A proposed amendment to the U.K. Electricity Market Reform bill, with support from across the political spectrum; highlights a battle that is underway for the future of the British energy sector. At its heart is whether Britain will be a clean tech leader to challenge Germany, stimulating growth and high tech jobs, or whether legacy technologies and energy companies are given preference. The one thing that is set, consumer’s bills will rise either way.

The U.K. Electricity Market Reform seeks to secure investment in low carbon electricity generation, by providing greater certainty to investors of the incentives and lessen risks over the necessary investment time horizon. With the bill the government hopes to incentivise a significant scale and pace of low-carbon investment, thereby decarbonizing, whilst providing sufficient capacity to “keep the lights on” and keep costs to consumers at a minimum. Many of the provisions of the bill seek to do this effectively, by modernising the incentives for renewable generation to be more market orientated, taking direct action in controlling emissions and providing adequate incentives to allow for seasonal peaks and volatility in electricity demand to be met despite a percentage of intermittent generation. (Further details here:–2/supporting-pages/electricity-market-reform )

The issues associated with the bill from a clean tech perspective are manifold, in that a number of provisions have been specifically structured to entice the development of new nuclear plants; however the support and interest from key stakeholders in new nuclear is waning fast. Add to this that the capacity mechanism will support significant investment in gas fired peak demand power generation, but does not directly support or address demand side measures such as Demand Side Management and Demand Side Response at all. Given the importance that D.S.M. and D.S.R. can play in maximising the returns from intermittent renewable generation investments, this is disappointing indeed. The implication of this is likely to be investment in more capacity than is necessary to back intermittent renewables such as wind and solar. These costs will be passed on to consumers, who may incorrectly interpret these costs to be due to the high cost of renewables.

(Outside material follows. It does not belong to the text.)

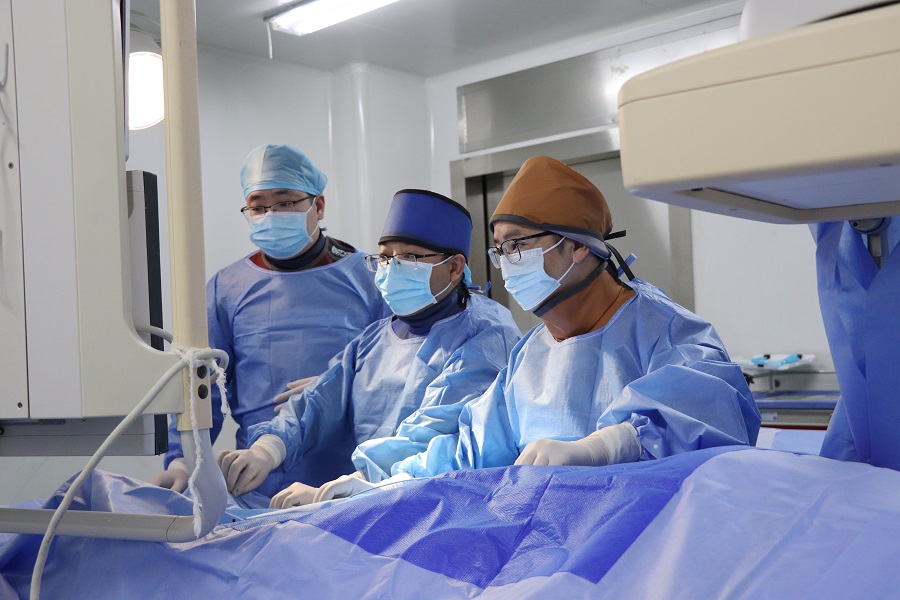 医院神经内科医生们正在为患者开展脑血管介入手术

The government has estimated that the increased costs to consumers as a result of the bill are likely to be £95 ($149.5) per annum to the average household by 2020. This is likely to occur whether or not renewables hit their planned share of the generation mix nor whether decarbonisation targets are met. Furthermore it appears that the government appears to be moderating its support for the binding carbon targets set by the Committee on Climate Change, despite David Cameron’s promise to be the greenest government ever, and the conservative coalition partners being strongly pro-renewable. A wait and see approach seems to be being played out, with the government leaving its options open up to 2016 (and after the election); this is despite the potential negative impact this could have on the clean tech sector.

This is perhaps not surprising given that the new energy minister; John Hayes has a reputation for being somewhat negative on wind renewables and more importantly the Chancellor George Osborne’s strong support for shale gas in the U.K. based on its promise to be an abundant and cheap energy source it forms the cornerstone of the gas generation strategy produced by the government. This is despite the uncertainties and significant differences between the production potential of U.K. resources versus the U.S. and the significant resistance being mounted by environmental groups and the public. There are however strong opponents to the Chancellors “gas at any cost” future, with the chair of the Energy and Climate Change Select committee Tim Yeo saying that he “…will not stand by and watch the wrong decisions being made on energy policy”. Tim Yeo has proposed an amendment to the bill supported by MPs from across the political spectrum that is calling for stronger provisions to ensure the decarbonisation of electricity generation.

The criticality of the battle being waged is highlighted by two recently published Organisation for Economic Cooperation and Development reports on fossil fuels. The first report looks at fossil fuel subsidies (coal, oil and natural gas) provided by developed world governments, which after dipping due to the recent financial crisis returned in 2011 to the pre-crisis levels to be in excess of $80 billion. This is despite the majority of these governments making claims to be changing their behaviour, and is exacerbated by the second report which shows that the taxes on end consumers for transport fuel (excluding aviation) makes up a remarkable 85% of energy related tax revenue.

This is not to say that there is not an important role for gas (and other fuels) in a diversified and secure energy mix, and in particular in combination with distributed and micro gas generating assets acting as a bridging technology to a low carbon energy system. However it is necessary that such decisions look at the impact across the economy and the energy sector as well as the associated risk factors. Doing so should make it clear that increasing the U.K.’s reliance on gas at the cost of stifling a vibrant emerging local-low-carbon and clean tech sector is not the right answer.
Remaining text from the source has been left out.